Using a novel method of siRNA synthesis, four siRNAs were prepared
that spanned the length of each target gene. These siRNAs were
transfected into several types of mammalian cells and the relative
reduction in target RNA and protein was determined. siRNAs to different
target sites provided different levels of mRNA and protein knockdown.
Spatial orientation along the length of the mRNA appeared not to
be a factor in dictating siRNA activity, but target sites with
lower GC content tended to be more susceptible. Less in vitro transcribed
siRNA than chemically synthesized siRNA was needed for transfection.
The most effective GAPDH siRNA was used to develop transfection
protocols for various cell types. The novel method of siRNA synthesis
used here provides a cost effective alternative to chemical synthesis.
Experimental Method
- siRNAs to human GAPDH, c-myc, and La were designed following
the procedure described by Elbashir et al. (2001).
- siRNAs were prepared either by in vitro transcription using
the Ambion Silencer™ siRNA
Construction Kit or by chemical
synthesis.
- After the addition of siRNAs and transfection reagent, cells
were incubated 8-72 hr before harvesting and analysis.
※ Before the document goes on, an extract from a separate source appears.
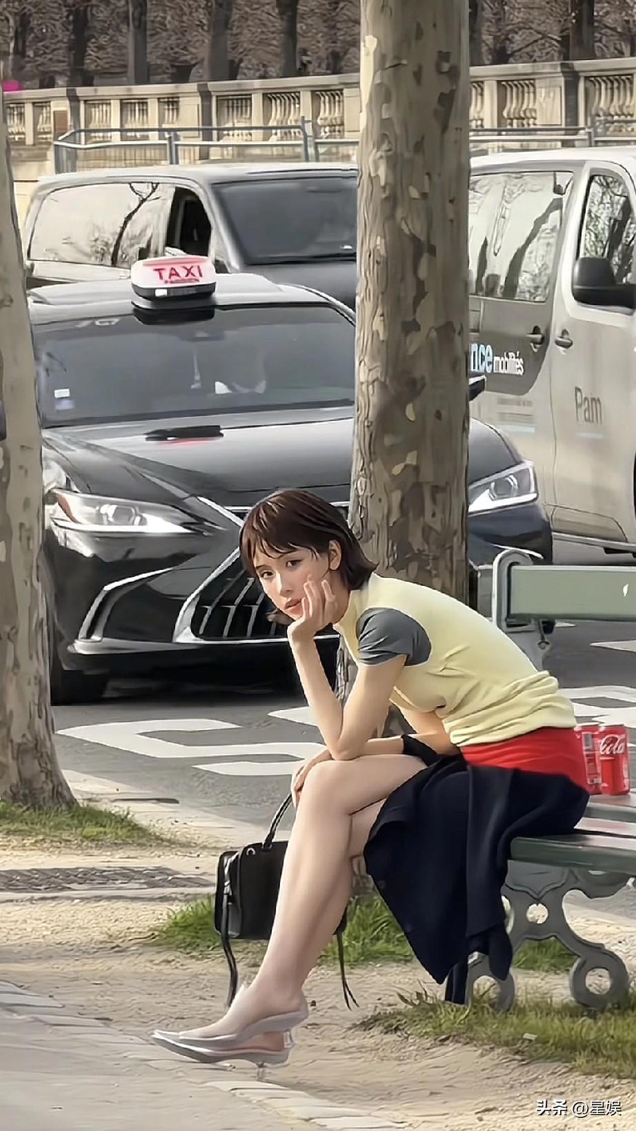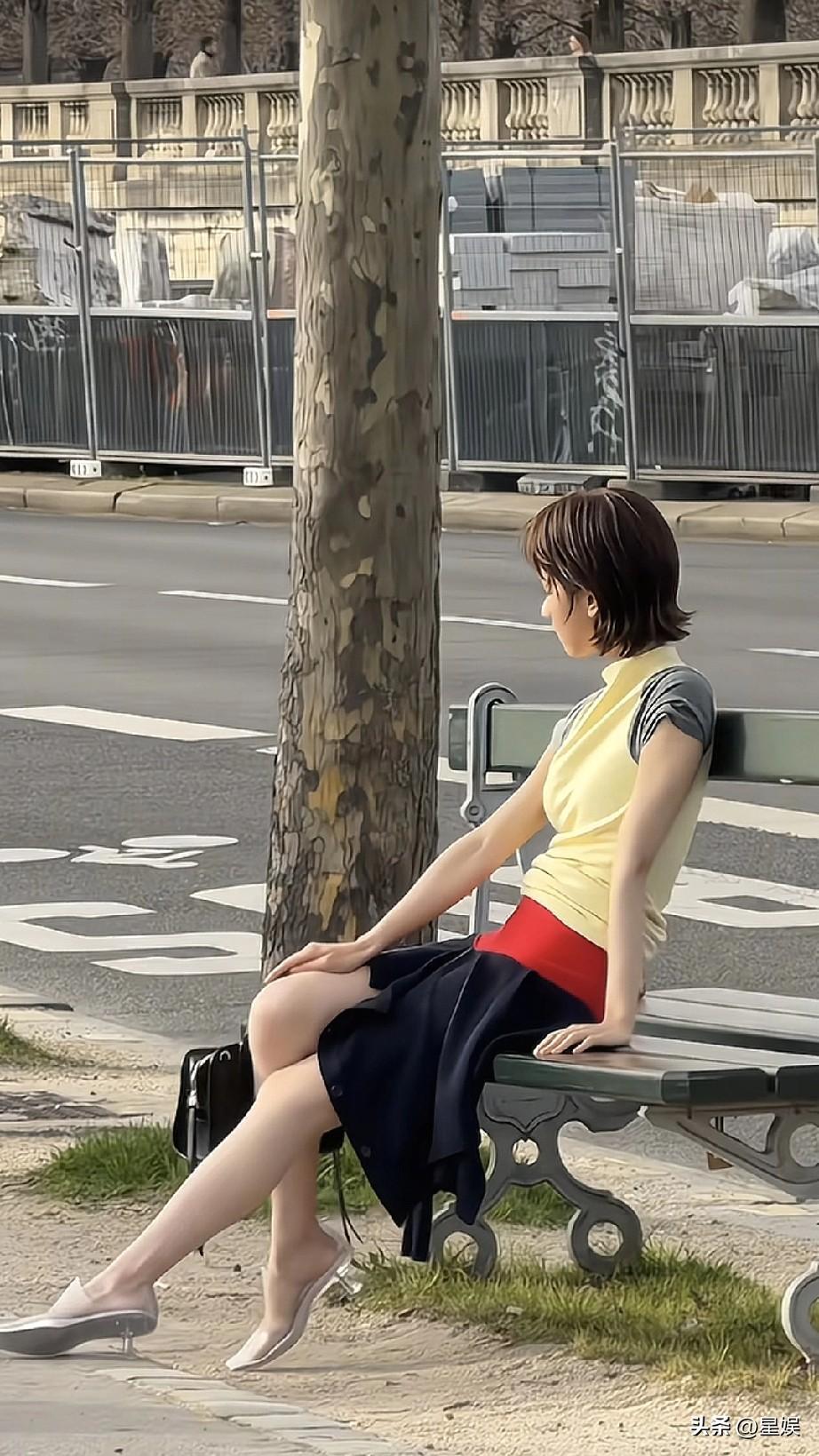 陈都灵坐在路边长椅上

- Target mRNA expression levels were determined by either Northern
analysis using the NorthernMax-Gly
Kit (Ambion) or by real-time RT-PCR on the ABI7700 with dual
labeled probe detection.
- Protein levels were measured in experimental samples by Western
analysis or by immunofluorescence analysis (antibody
details).
- Cell proliferation assays were performed using Alamar Blue
(Biosource International, Inc.).
Results
- Seven out of 12 siRNAs reduced the expression of the target
gene by at least 50% and by as much as 94% (Table 1).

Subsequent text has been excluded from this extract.